## DATA SECTION
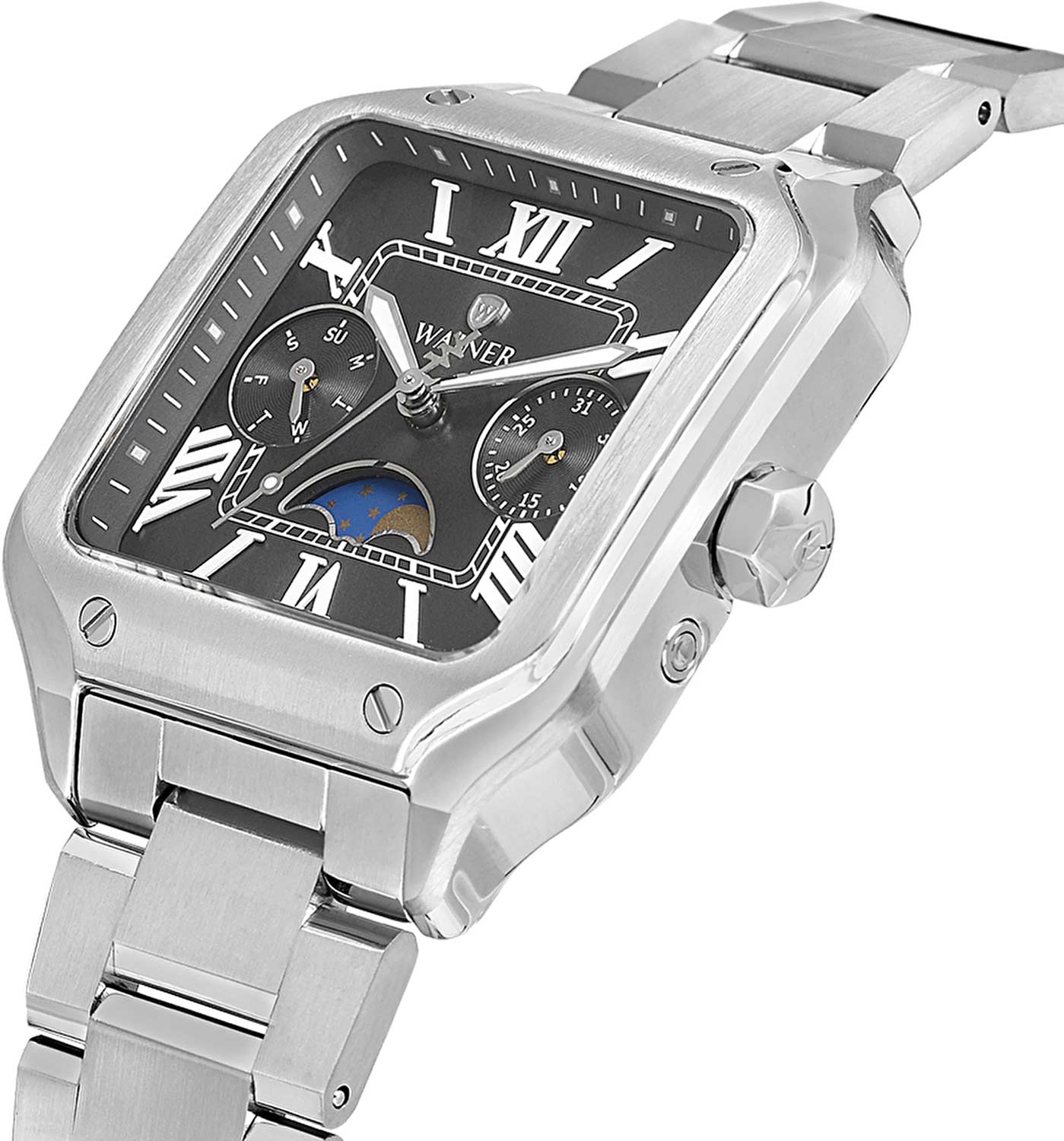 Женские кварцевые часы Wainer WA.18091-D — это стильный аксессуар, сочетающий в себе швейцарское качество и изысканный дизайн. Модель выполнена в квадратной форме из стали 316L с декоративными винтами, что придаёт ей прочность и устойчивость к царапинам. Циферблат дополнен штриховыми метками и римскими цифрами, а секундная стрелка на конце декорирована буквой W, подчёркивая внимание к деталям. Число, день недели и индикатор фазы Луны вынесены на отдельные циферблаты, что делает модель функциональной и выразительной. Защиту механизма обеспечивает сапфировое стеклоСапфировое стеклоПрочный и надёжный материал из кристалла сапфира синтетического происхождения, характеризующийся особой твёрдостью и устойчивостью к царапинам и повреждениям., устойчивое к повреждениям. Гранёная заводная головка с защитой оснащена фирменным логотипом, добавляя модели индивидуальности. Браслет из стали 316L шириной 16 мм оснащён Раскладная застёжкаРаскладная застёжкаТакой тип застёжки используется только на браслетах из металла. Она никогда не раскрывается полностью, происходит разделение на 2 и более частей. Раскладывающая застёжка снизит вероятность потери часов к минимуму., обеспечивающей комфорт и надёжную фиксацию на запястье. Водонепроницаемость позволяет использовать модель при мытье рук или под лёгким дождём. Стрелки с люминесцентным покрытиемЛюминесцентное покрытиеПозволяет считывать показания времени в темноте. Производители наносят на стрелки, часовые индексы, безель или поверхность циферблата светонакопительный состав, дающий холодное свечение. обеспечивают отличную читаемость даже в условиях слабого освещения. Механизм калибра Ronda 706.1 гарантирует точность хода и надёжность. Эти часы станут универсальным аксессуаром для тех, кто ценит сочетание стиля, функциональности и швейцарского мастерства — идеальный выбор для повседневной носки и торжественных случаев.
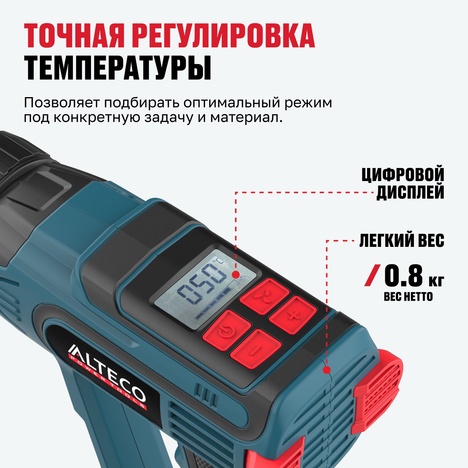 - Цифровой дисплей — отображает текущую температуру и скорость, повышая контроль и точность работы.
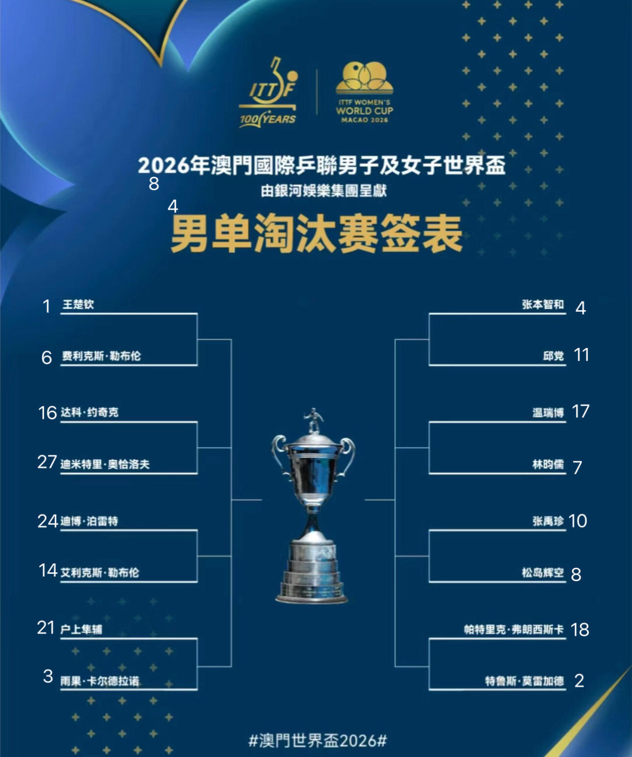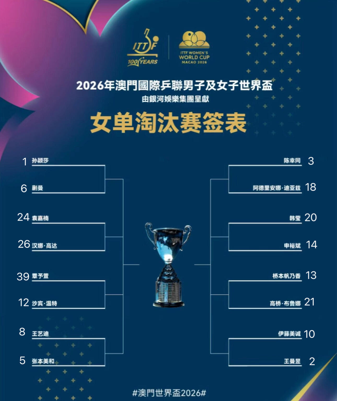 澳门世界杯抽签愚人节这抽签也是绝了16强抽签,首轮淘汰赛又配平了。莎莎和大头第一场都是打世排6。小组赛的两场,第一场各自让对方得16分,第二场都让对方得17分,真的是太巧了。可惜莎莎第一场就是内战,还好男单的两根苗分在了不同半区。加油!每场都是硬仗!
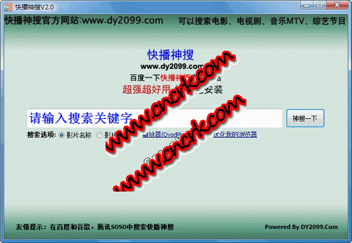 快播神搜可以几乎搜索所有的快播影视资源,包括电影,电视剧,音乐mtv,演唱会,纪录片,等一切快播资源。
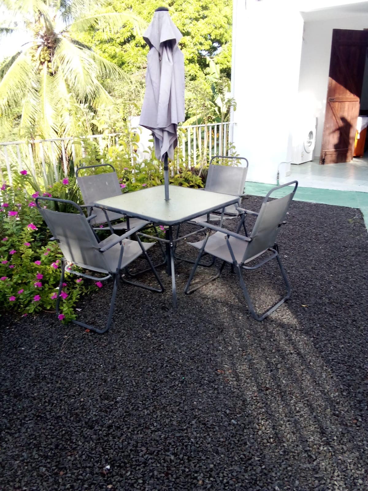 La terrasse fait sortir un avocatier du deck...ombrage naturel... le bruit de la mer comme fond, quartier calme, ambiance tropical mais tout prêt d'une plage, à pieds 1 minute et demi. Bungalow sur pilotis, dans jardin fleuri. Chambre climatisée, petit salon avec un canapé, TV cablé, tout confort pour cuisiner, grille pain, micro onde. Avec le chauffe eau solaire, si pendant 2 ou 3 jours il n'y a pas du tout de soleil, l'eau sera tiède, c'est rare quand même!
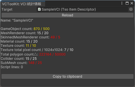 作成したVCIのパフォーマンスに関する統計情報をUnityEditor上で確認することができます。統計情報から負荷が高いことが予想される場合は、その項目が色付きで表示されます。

## WHAT NEEDS TO BE DONE
Output the complete listing exactly as it appears, except for the images.

## EXPECTED ANSWER
 Женские кварцевые часы Wainer WA.18091-D — это стильный аксессуар, сочетающий в себе швейцарское качество и изысканный дизайн. Модель выполнена в квадратной форме из стали 316L с декоративными винтами, что придаёт ей прочность и устойчивость к царапинам. Циферблат дополнен штриховыми метками и римскими цифрами, а секундная стрелка на конце декорирована буквой W, подчёркивая внимание к деталям. Число, день недели и индикатор фазы Луны вынесены на отдельные циферблаты, что делает модель функциональной и выразительной. Защиту механизма обеспечивает сапфировое стеклоСапфировое стеклоПрочный и надёжный материал из кристалла сапфира синтетического происхождения, характеризующийся особой твёрдостью и устойчивостью к царапинам и повреждениям., устойчивое к повреждениям. Гранёная заводная головка с защитой оснащена фирменным логотипом, добавляя модели индивидуальности. Браслет из стали 316L шириной 16 мм оснащён Раскладная застёжкаРаскладная застёжкаТакой тип застёжки используется только на браслетах из металла. Она никогда не раскрывается полностью, происходит разделение на 2 и более частей. Раскладывающая застёжка снизит вероятность потери часов к минимуму., обеспечивающей комфорт и надёжную фиксацию на запястье. Водонепроницаемость позволяет использовать модель при мытье рук или под лёгким дождём. Стрелки с люминесцентным покрытиемЛюминесцентное покрытиеПозволяет считывать показания времени в темноте. Производители наносят на стрелки, часовые индексы, безель или поверхность циферблата светонакопительный состав, дающий холодное свечение. обеспечивают отличную читаемость даже в условиях слабого освещения. Механизм калибра Ronda 706.1 гарантирует точность хода и надёжность. Эти часы станут универсальным аксессуаром для тех, кто ценит сочетание стиля, функциональности и швейцарского мастерства — идеальный выбор для повседневной носки и торжественных случаев.
 - Цифровой дисплей — отображает текущую температуру и скорость, повышая контроль и точность работы.
 澳门世界杯抽签愚人节这抽签也是绝了16强抽签,首轮淘汰赛又配平了。莎莎和大头第一场都是打世排6。小组赛的两场,第一场各自让对方得16分,第二场都让对方得17分,真的是太巧了。可惜莎莎第一场就是内战,还好男单的两根苗分在了不同半区。加油!每场都是硬仗!
 快播神搜可以几乎搜索所有的快播影视资源,包括电影,电视剧,音乐mtv,演唱会,纪录片,等一切快播资源。
 La terrasse fait sortir un avocatier du deck...ombrage naturel... le bruit de la mer comme fond, quartier calme, ambiance tropical mais tout prêt d'une plage, à pieds 1 minute et demi. Bungalow sur pilotis, dans jardin fleuri. Chambre climatisée, petit salon avec un canapé, TV cablé, tout confort pour cuisiner, grille pain, micro onde. Avec le chauffe eau solaire, si pendant 2 ou 3 jours il n'y a pas du tout de soleil, l'eau sera tiède, c'est rare quand même!
 作成したVCIのパフォーマンスに関する統計情報をUnityEditor上で確認することができます。統計情報から負荷が高いことが予想される場合は、その項目が色付きで表示されます。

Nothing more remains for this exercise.